When you get in a funk, and you just don't know what to do to get out of it, what else is there to do but wallow?


There's a flavor I'm currently craving for. It's been nagging at me since early this morning, and I can imagine what it smells like, but I can't seem to pinpoint what and where this smell comes from. Now that I'm purposely trying to figure out what that imaginary smell is, I think what I'm looking for is the sweet, crunchy bits from Red Ribbon's Coffee Crumble, or that snowy cake from Becky's Kitchen. Yea, just the crunchy bits. I'm weird.

Memories haunt us, thrill us, taunt us. But they will always stay there, boxed forever in time.


I remember speaking at my grandmother's wake, telling everyone the story of how I dreamt of her the night before she died, on the eve of my birthday. I remember breaking down in front of the crowd, her ashes in a jar beside me. Also, I remember my grandfather.
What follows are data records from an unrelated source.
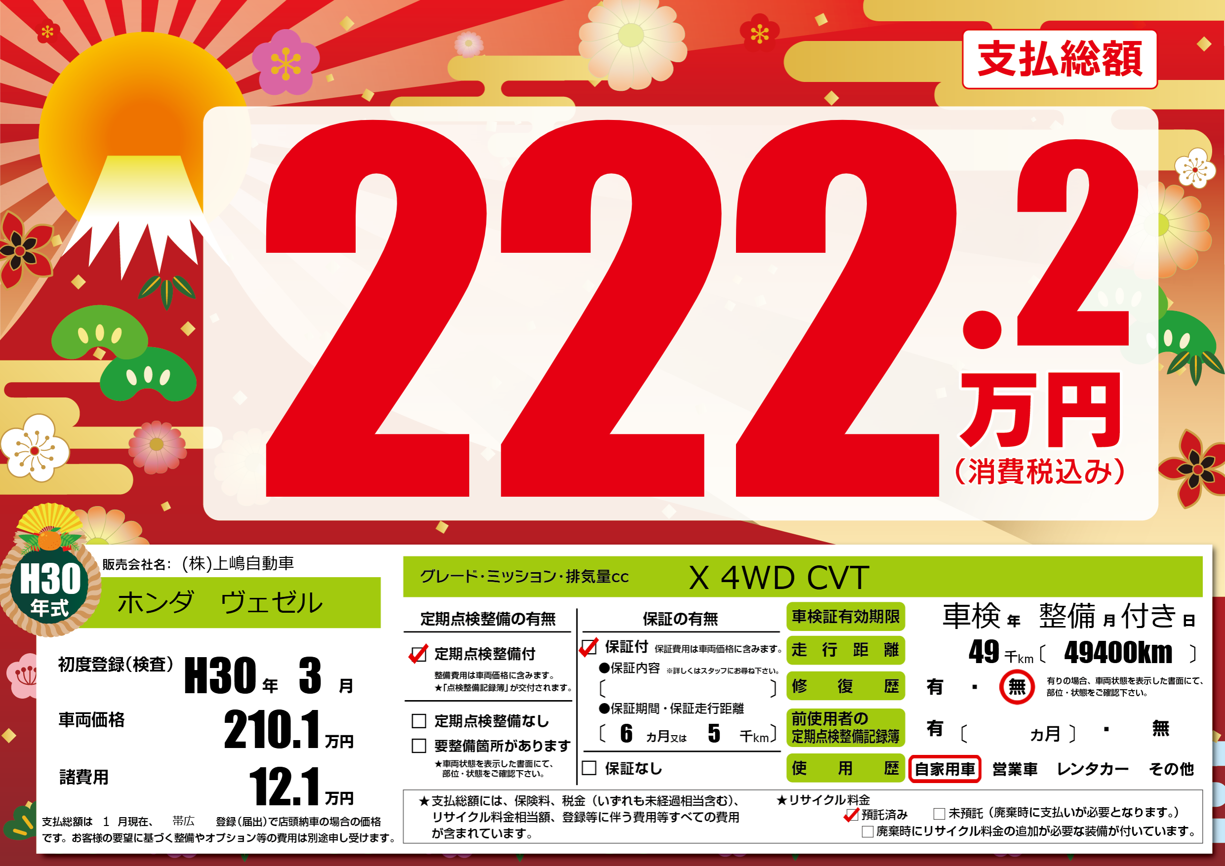 | 走行キロ | 4.9万km | 初年度登録 | H30年3月 |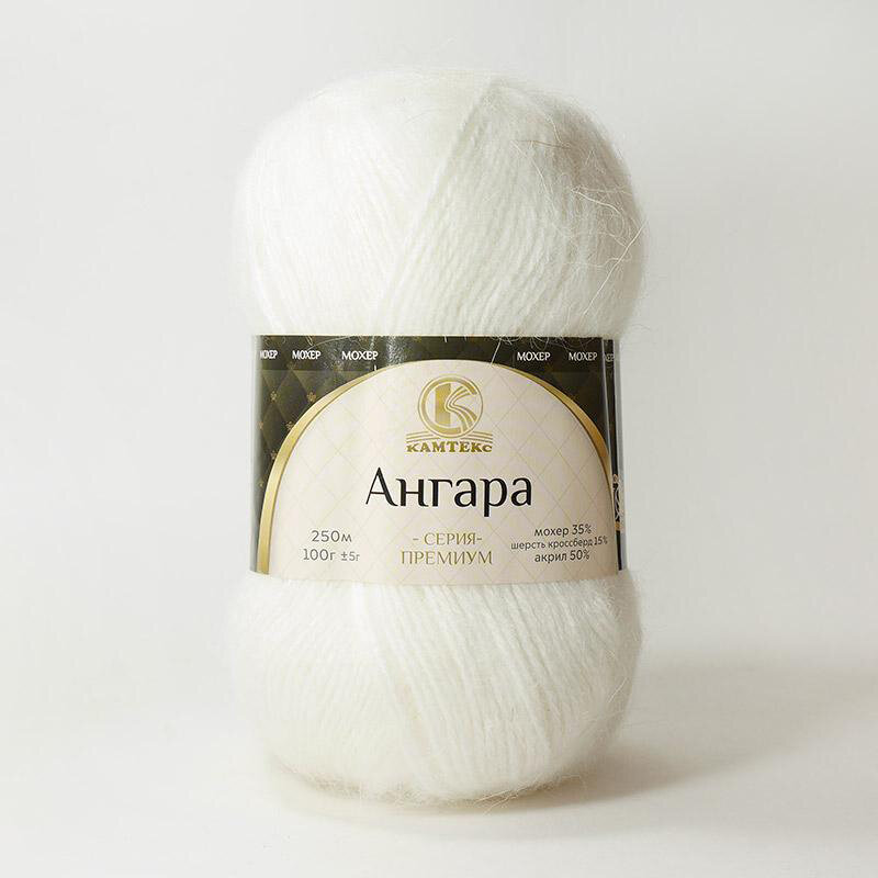 Пряжа Камтекс Ангара белый (205), 35%мохер/15%шерсть/50%акрил, 250м, 100г, 1шт информация:
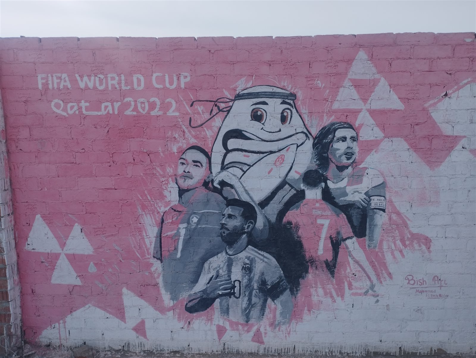 ويعد الجرافيتي صغيرة بحسب مساحته على أحد الحوائط ولكنه معبرا بشكل كبير على أهمية القضية الفلسطينية وهو عبارة عن رسمة القبة الصخرة والتى تحاصر بأعلام الدول العربية أسفلها للتأكيد على أهمية اتحاد الوطن العربي.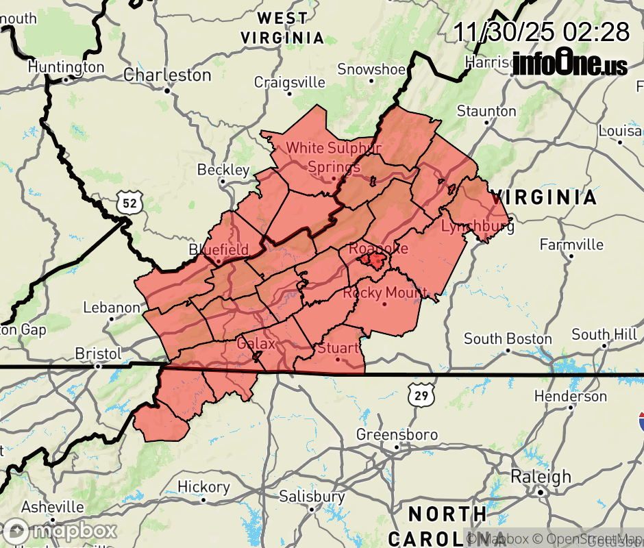 Canceled 11/30/25 11:56 AM Winter Weather Advisory issued November 30 at 2:27AM EST until November 30 at 12:00PM EST by NWS Blacksburg VA * WHAT... Freezing expected. Ice accumulations less than a tenth of an inch. * WHERE... Portions of northwest North Carolina, central, south central, southwest, and west central Virginia, and southeast West Virginia. * WHEN... Until noon EST today. * IMPACTS... Some roads, especially bridges and overpasses, will likely become slick and hazardous. Very slippery sidewalks are also possible. ![]() |
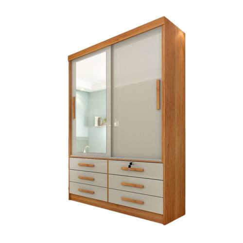 Guarda Roupa Roupeiro Chicago 2 portas Com Espelho Cinamomo Off White - Tcil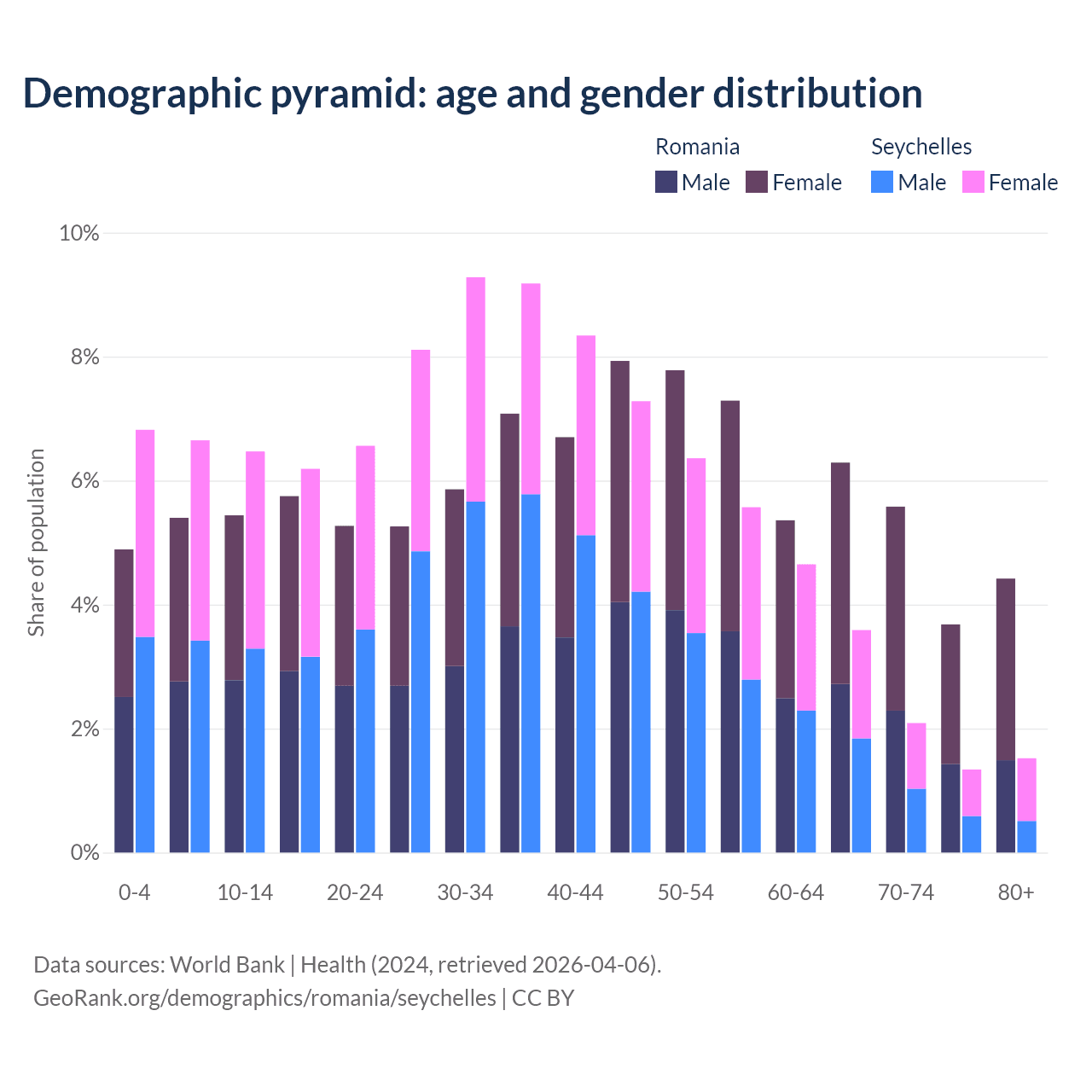 The share of older people aged 65 and over is 20% in Romania and 8.54% in the Seychelles. Life expectancy in Romania compared to the Seychelles .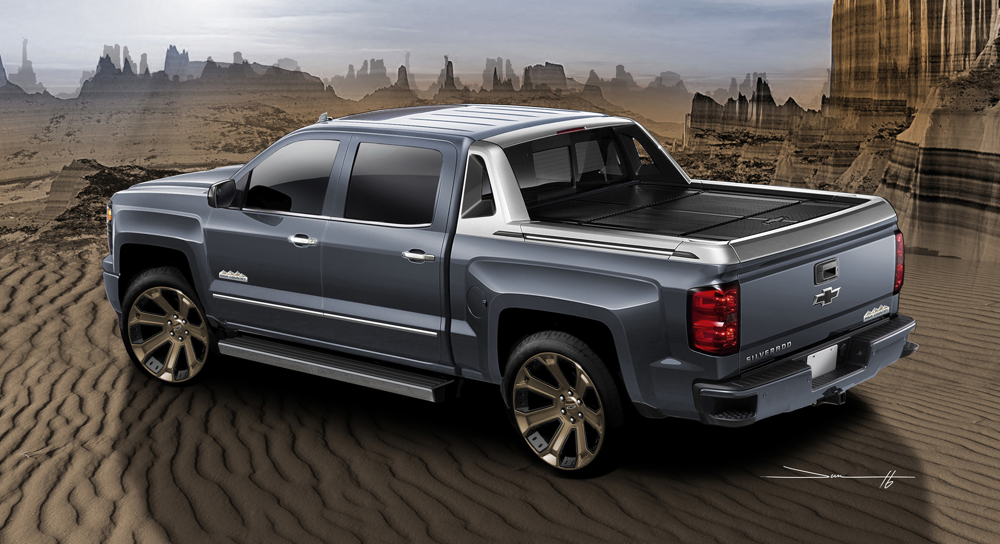 Пикап Chevrolet Silverado послужил основой даже не для одного концепта. Ранее мы рассказали о шоу-каре, построенном совместно с фирмой Carhartt. Но и Silverado 1500 High Desert заслуживает внимания. Автомобиль базируется на серийной версии с пакетом High Desert, а следовательно, оборудован запираемым и водонепроницаемым органайзером с несколькими отсеками под поклажу и трансформируемой перегородкой.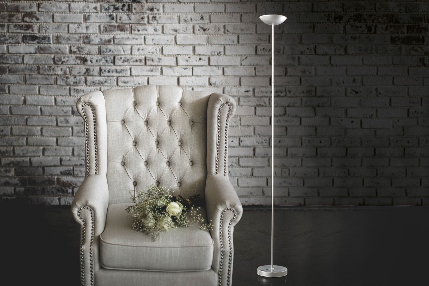 Metal floor lamp with white or silver finish.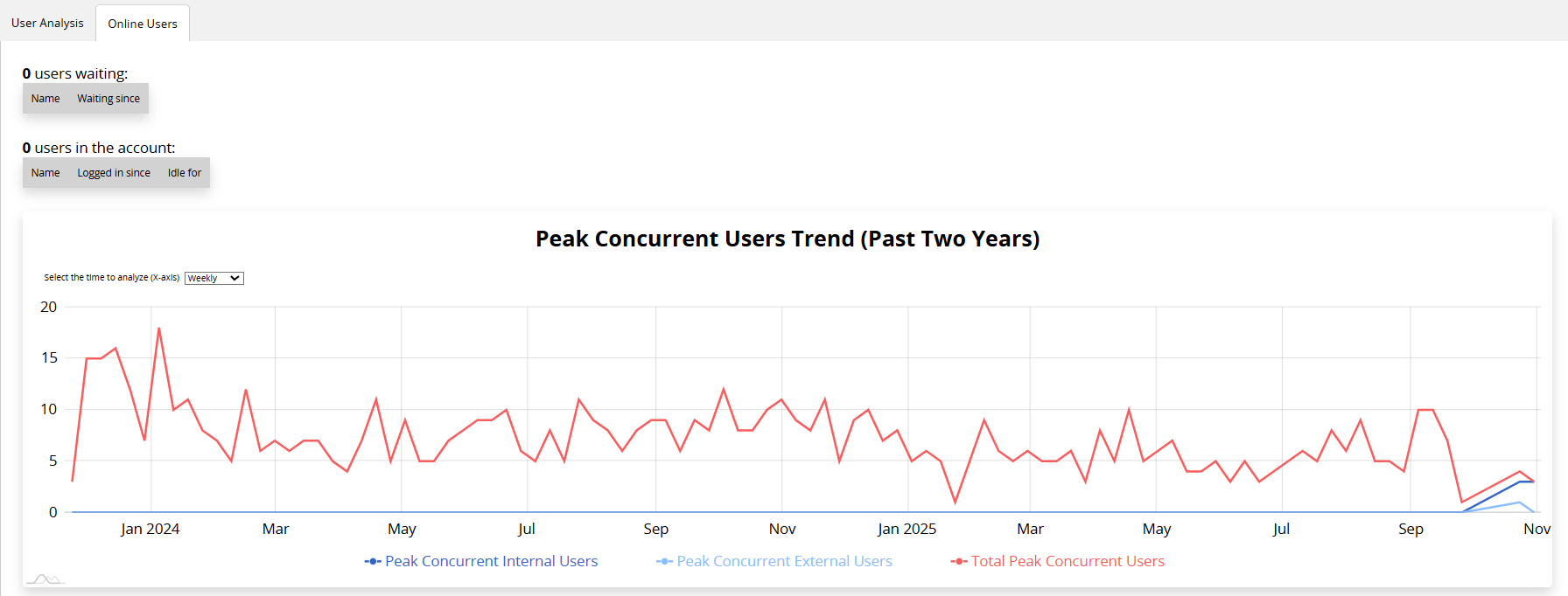 You can view the number of users who are currently waiting or active, as well as the peak concurrent users trend (past two years).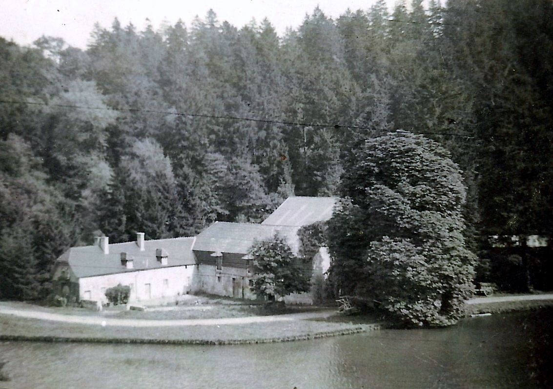 Le moulin dans le parc du château. Le toit, à l'arrière-plan, est celui de la scierie qui fonctionna quelques années et fut détruite par un incendie un peu avant 1950. Coll. G. Hoebrechts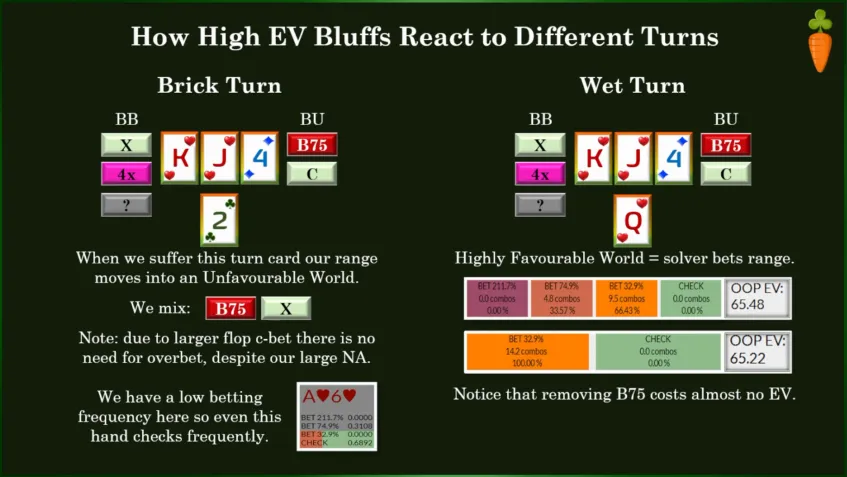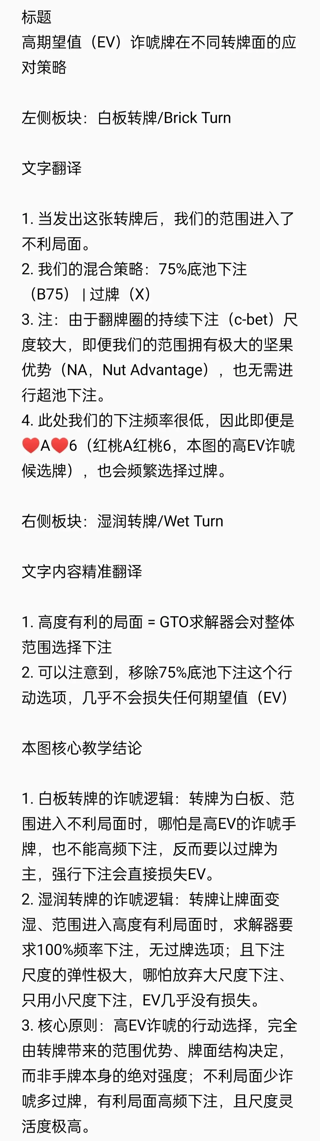 让我们继续讨论高期望值诈唬牌如何对不同转牌做出反应。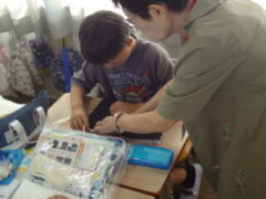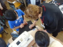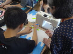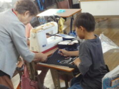 修学旅行に持っていくナップザックのつくり方を教えてもらっています。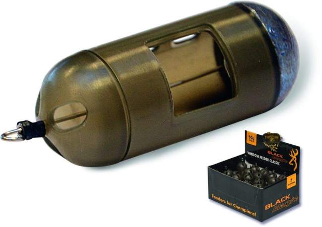 Improved re-make of our classic and patented Window Feeder. Can be used 2 ways - fill with maggots and turn the sleeve to close the window or fill with any particle bait and closing the window with a smear of ground bait for rapid emptying. Casts long and straight due to the end weight design.

In his study, I learned the words that I still live by, to this day. He told me that it didn't matter if you weren't so rich, so long as you don't have enemies, so long as you don't step on others, so long as you are loved by people, so long as you live your dreams. I'll remember forever.

When I need comforting, should I still be the one to comfort you?


I often have trouble getting my point across. I'm a jumble of thoughts. A mess of ideas. My words, they don't make sense as a whole most of the time, just like this post, but when you take them bit by bit, some of them might actually mean something.

Will you be my glue, and help me hold my pieces together?